**Aim of the task:**
Print only the lines below from the one with "Каталог запасных частей" to the one with "舒華多功能跑步機T56 SH-T5600-T2跑臺尺寸是480×1200mm,持續馬力是DC 1.5CHP(無刷電機)。", both included, exactly as they stand. Leave pictures out.

**Data to use:**
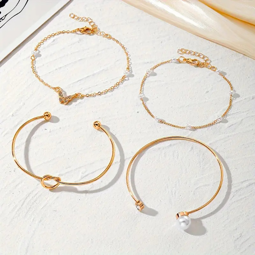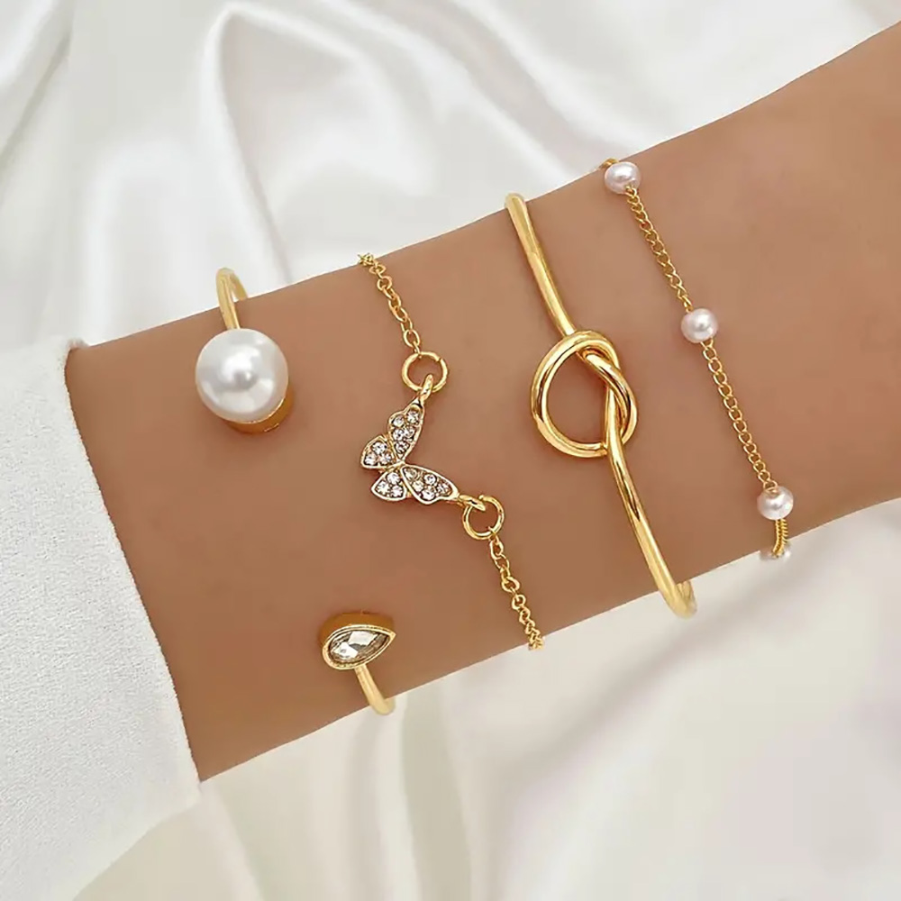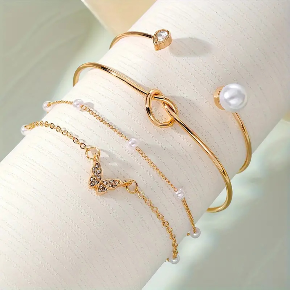 New 4pcs/set Bracelet Fashionable Creative Butterfly Design Bracelet & Faux Pearl Bracelet Set With Rhinestone For Women & Girls
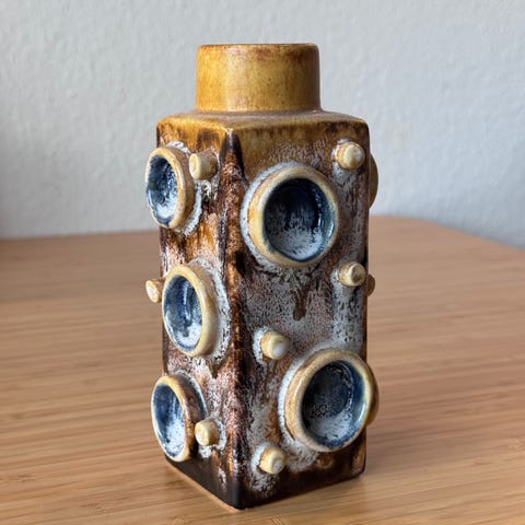 Keramikvase. Strehla Keramik 9022 ? Højde ca. 10 cm. Diameter hul ca. 2,8 cm
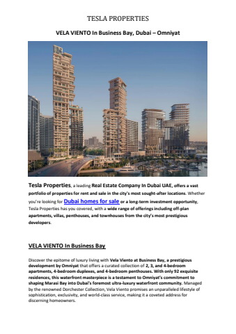 VELA VIENTO In Business Bay By Tesla Properties providing Dubai homes for sale
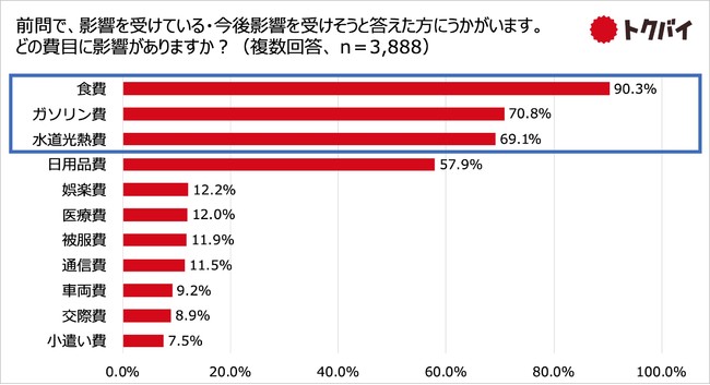 また、影響を受けている(受けそう)と回答した方へ、具体的にどのようなものに影響があるか(ありそうか)たずねたところ、「食費」との回答が90.3%、次いで「ガソリン費」が70.8%、「水道光熱費」が69.1%となりました。日常生活に欠かせない費目を中心に影響が出ていることがうかがえます。
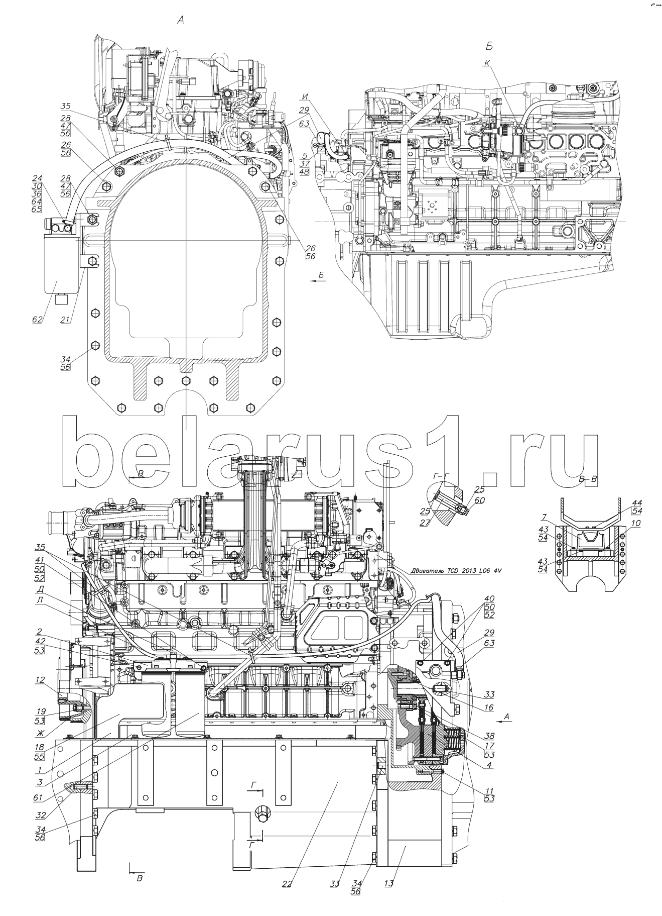 Каталог запасных частей к технике: МТЗ-3522. Установка двигателя
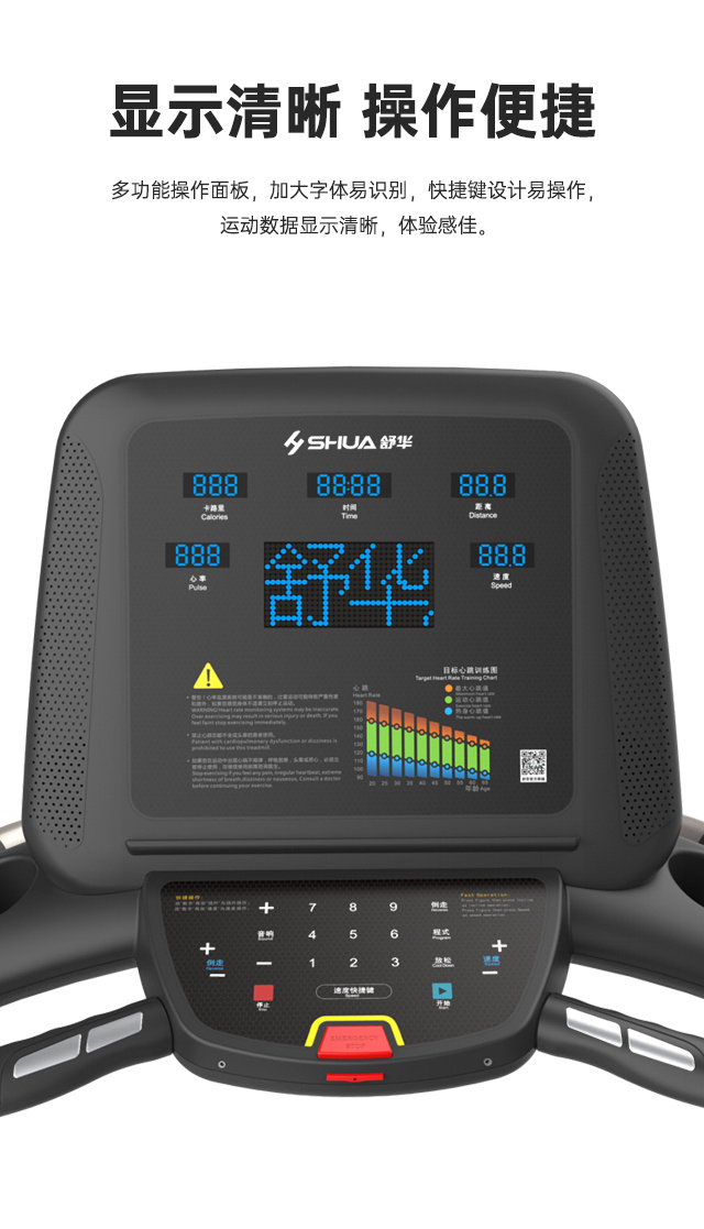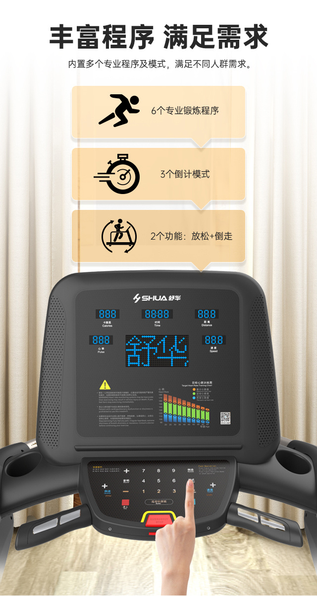 舒華多功能跑步機T56 SH-T5600-T2跑臺尺寸是480×1200mm,持續馬力是DC 1.5CHP(無刷電機)。
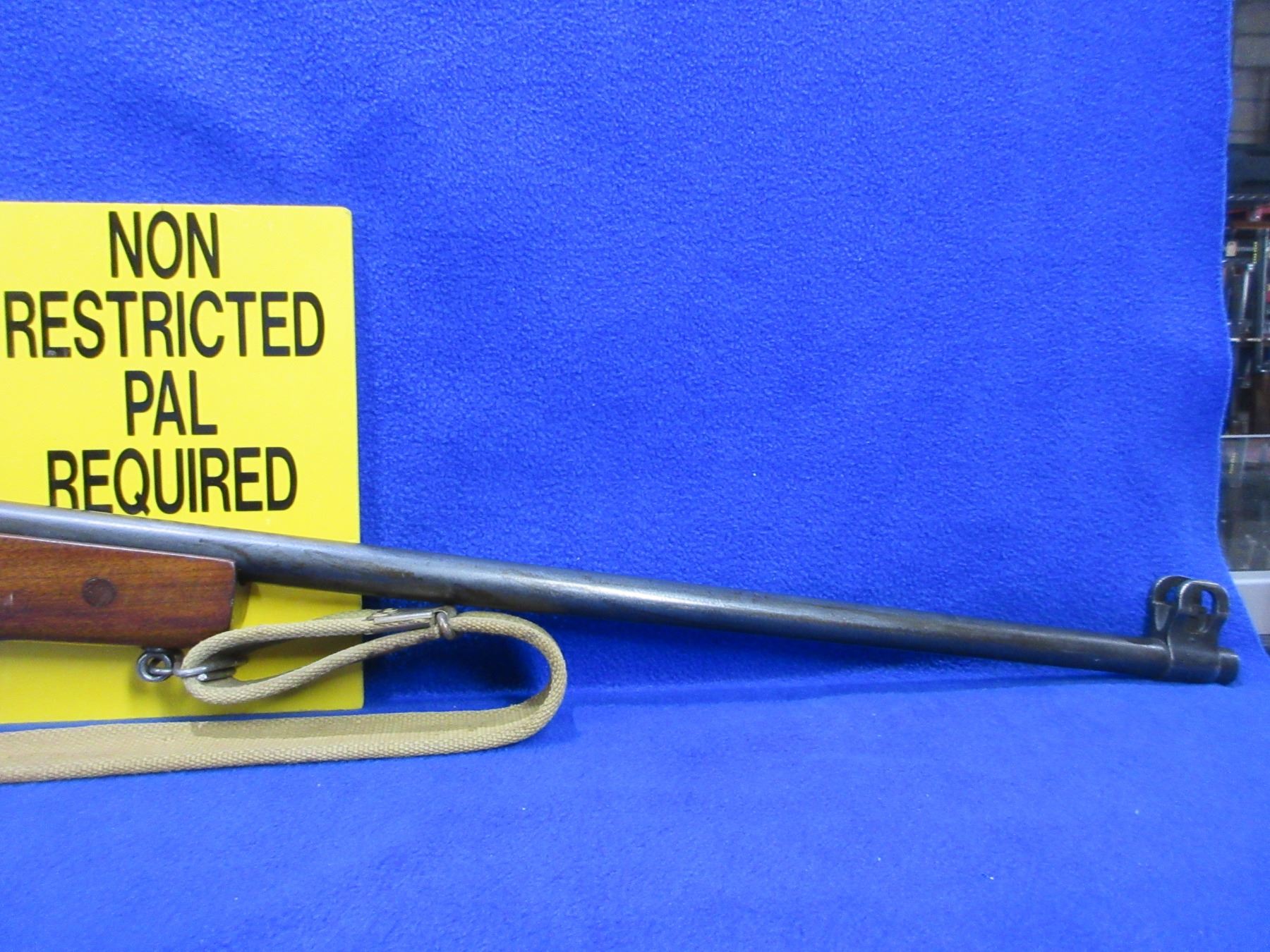 Non-Restricted - Enfield Model P14 in 303 British - This is a bolt action rifle with floor plate magazine, action appears to be in good to very good working order. Barrel is 26", rifling is fair to good, bluing is mostly grey, has both sights, stock is good with usage marks and a chip on the left side tip of the forearm, length of pull is 13 1/2", metal butt plate good, comes with swivels and a strap. Ser # 183328
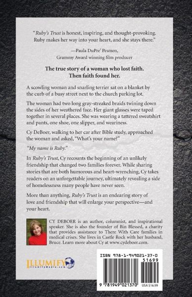 Ruby's Trust is the true story of a woman who lost faith and then faith found her. A scowling woman and snarling terrier sat on a blanket by the curb of a busy street next to the church parking lot. The woman had two long gray-streaked braids twining down the sides of her weathered face. Her giant glasses were taped together in several places. She was wearing a tattered sweatshirt and pants, one shoe, one slipper, and weariness. Cy DeBoer, walking to her car after Bible study, approached the woman and asked, "What's your name?" "My name is Ruby." In Ruby's Trust, Cy recounts the beginning of an unlikely friendship that changed two families forever. While sharing stories that are both humorous and heart-wrenching, Cy takes readers on an unforgettable journey, ultimately revealing a side of homelessness many people have never seen. More than anything, Ruby's Trust is an endearing story of love and friendship that will enlarge your perspective—and your heart.
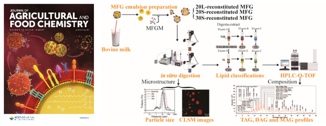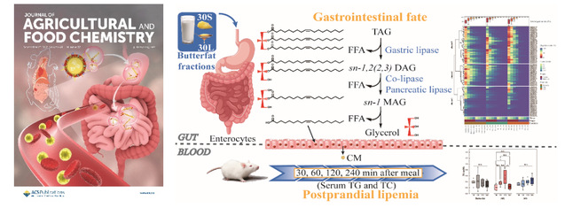 近日,我院马莺教授团队在国际食品顶级期刊(Journal of Agricultural and Food Chemistry,影响因子5.279)连续发表了2篇题为“Structural Mechanism and Hydrolysis Kinetics of In Vitro Digestion Are Affected by a High-Melting-Temperature Solid Triacylglycerol Fraction in Bovine Milk Fat”和“Triacylglycerol Composition of Butterfat Fractions Determines Its Gastrointestinal Fate and Postprandial Effects: Lipidomic Analysis of Tri-, Di-, and Mono-acylglycerols and Free Fatty Acids”的封面文章,马莺教授为文章通讯作者,团队博士生任青兮为第一作者,太阳成城集团tyc234cc为第一通讯单位。
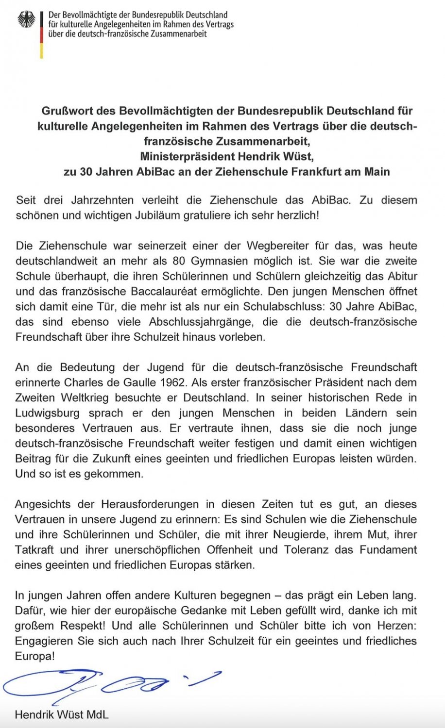 - Grußwort zum AbiBac-Jubiläum des Bevollmächtigten der Bundesrepublik Deutschland für kulturelle Angelegenheiten im Rahmen des Vertrags über die deutsch-französische Zusammenarbeit, Ministerpräsident Hendrik Wüst MdL
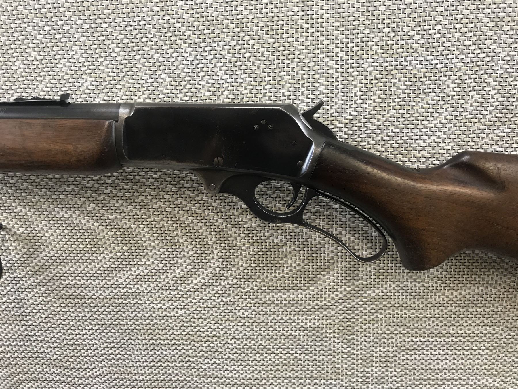 MARLIN , MODEL: 336RC , CALIBER: 30-30 WIN , VERY GOOD BORE, DOVETAIL FRONT AND FULLY ADJUSTABLE REAR SIGHT, STOCK HAS BEEN SHORTENED AND HAS A REPLACED VENTED RUBBER RECOIL PAD, SHOWS SOME HANDLING MARKS AND LIGHT SURFACE PITTING , BARREL LENGTH: 20" , SERIAL # K10796 , STOCK # 8408 , CONDITION: 5/10 , CLASS: CANADIAN NON RESTRICTED CLASS

**Task output:**
 Каталог запасных частей к технике: МТЗ-3522. Установка двигателя
 舒華多功能跑步機T56 SH-T5600-T2跑臺尺寸是480×1200mm,持續馬力是DC 1.5CHP(無刷電機)。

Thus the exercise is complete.